Material to process ::
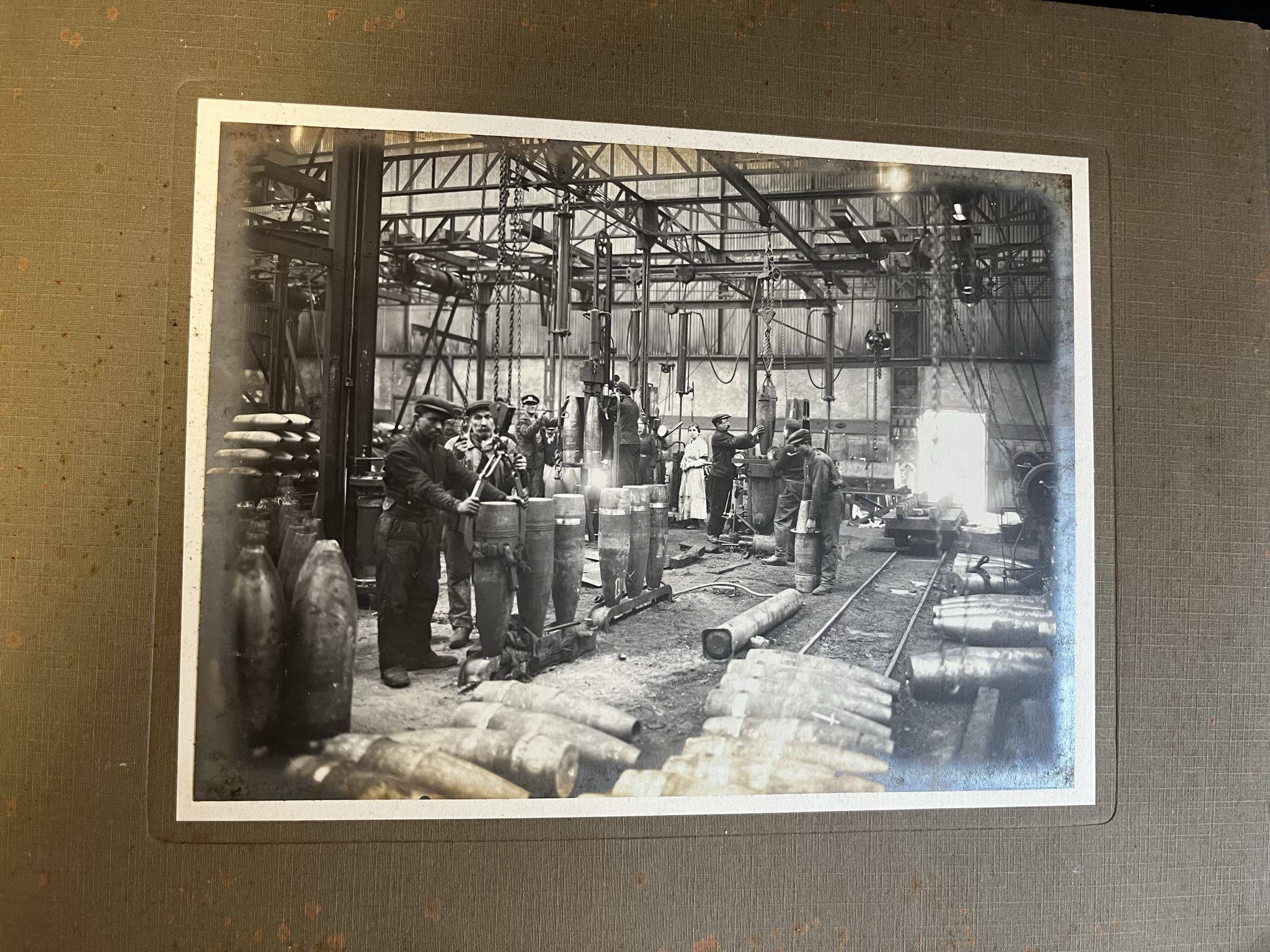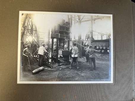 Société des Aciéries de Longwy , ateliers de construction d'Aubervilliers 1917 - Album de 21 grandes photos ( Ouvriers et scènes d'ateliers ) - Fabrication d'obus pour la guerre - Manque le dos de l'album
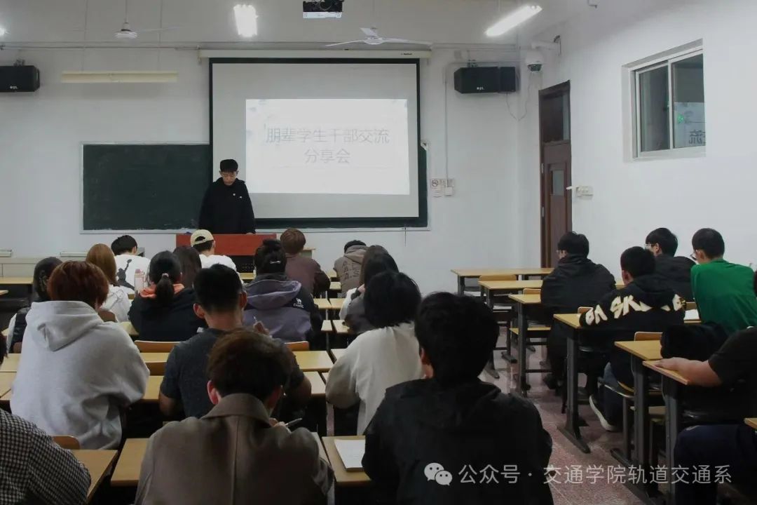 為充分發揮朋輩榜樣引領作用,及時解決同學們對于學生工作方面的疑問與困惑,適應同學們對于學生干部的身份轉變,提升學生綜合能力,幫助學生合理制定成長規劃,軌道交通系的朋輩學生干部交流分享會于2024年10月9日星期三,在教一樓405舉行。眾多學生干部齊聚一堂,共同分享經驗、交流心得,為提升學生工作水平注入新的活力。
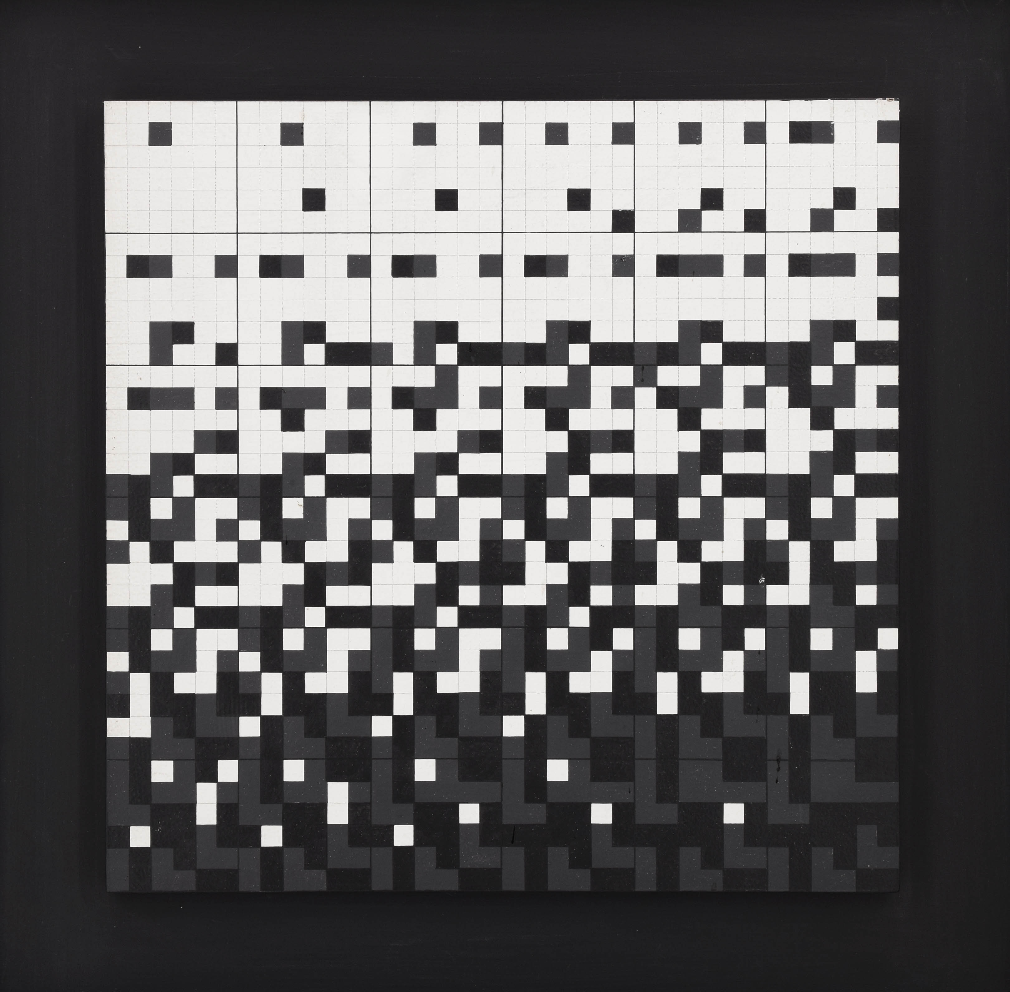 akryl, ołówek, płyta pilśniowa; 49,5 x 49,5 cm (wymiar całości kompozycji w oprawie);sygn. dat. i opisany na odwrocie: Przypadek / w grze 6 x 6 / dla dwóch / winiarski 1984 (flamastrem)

---

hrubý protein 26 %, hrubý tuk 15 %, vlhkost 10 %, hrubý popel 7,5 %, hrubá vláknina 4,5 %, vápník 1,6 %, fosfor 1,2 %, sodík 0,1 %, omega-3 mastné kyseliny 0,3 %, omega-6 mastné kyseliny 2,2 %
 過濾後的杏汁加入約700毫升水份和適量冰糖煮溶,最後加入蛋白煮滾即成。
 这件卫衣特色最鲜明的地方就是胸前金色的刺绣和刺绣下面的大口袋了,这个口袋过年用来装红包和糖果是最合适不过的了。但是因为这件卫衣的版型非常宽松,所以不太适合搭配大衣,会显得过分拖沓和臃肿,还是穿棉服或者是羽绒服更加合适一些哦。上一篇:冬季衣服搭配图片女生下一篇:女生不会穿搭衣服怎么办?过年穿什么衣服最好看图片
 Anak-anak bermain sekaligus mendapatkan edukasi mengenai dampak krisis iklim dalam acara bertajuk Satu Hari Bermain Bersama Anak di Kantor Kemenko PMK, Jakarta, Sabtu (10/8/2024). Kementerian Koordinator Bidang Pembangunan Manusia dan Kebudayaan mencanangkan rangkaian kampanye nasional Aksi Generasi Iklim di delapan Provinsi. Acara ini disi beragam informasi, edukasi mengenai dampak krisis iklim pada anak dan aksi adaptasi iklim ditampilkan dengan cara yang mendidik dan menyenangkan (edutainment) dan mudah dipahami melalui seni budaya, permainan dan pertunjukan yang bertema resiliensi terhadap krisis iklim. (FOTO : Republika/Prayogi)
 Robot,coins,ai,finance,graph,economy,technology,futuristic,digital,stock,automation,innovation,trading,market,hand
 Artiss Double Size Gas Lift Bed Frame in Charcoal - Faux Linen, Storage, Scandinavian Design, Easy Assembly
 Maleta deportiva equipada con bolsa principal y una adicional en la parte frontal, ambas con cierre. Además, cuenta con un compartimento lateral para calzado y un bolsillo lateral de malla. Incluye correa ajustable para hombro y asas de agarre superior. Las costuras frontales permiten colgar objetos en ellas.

Activity :: Exactly the lines starting at the one above with "為充分發揮朋輩榜樣引領作用,及時解決同學" and ending at the one with "akryl, ołówek, płyta" should be printed, and nothing else. Omit the pictures.

Output for this task ::
 為充分發揮朋輩榜樣引領作用,及時解決同學們對于學生工作方面的疑問與困惑,適應同學們對于學生干部的身份轉變,提升學生綜合能力,幫助學生合理制定成長規劃,軌道交通系的朋輩學生干部交流分享會于2024年10月9日星期三,在教一樓405舉行。眾多學生干部齊聚一堂,共同分享經驗、交流心得,為提升學生工作水平注入新的活力。
 akryl, ołówek, płyta pilśniowa; 49,5 x 49,5 cm (wymiar całości kompozycji w oprawie);sygn. dat. i opisany na odwrocie: Przypadek / w grze 6 x 6 / dla dwóch / winiarski 1984 (flamastrem)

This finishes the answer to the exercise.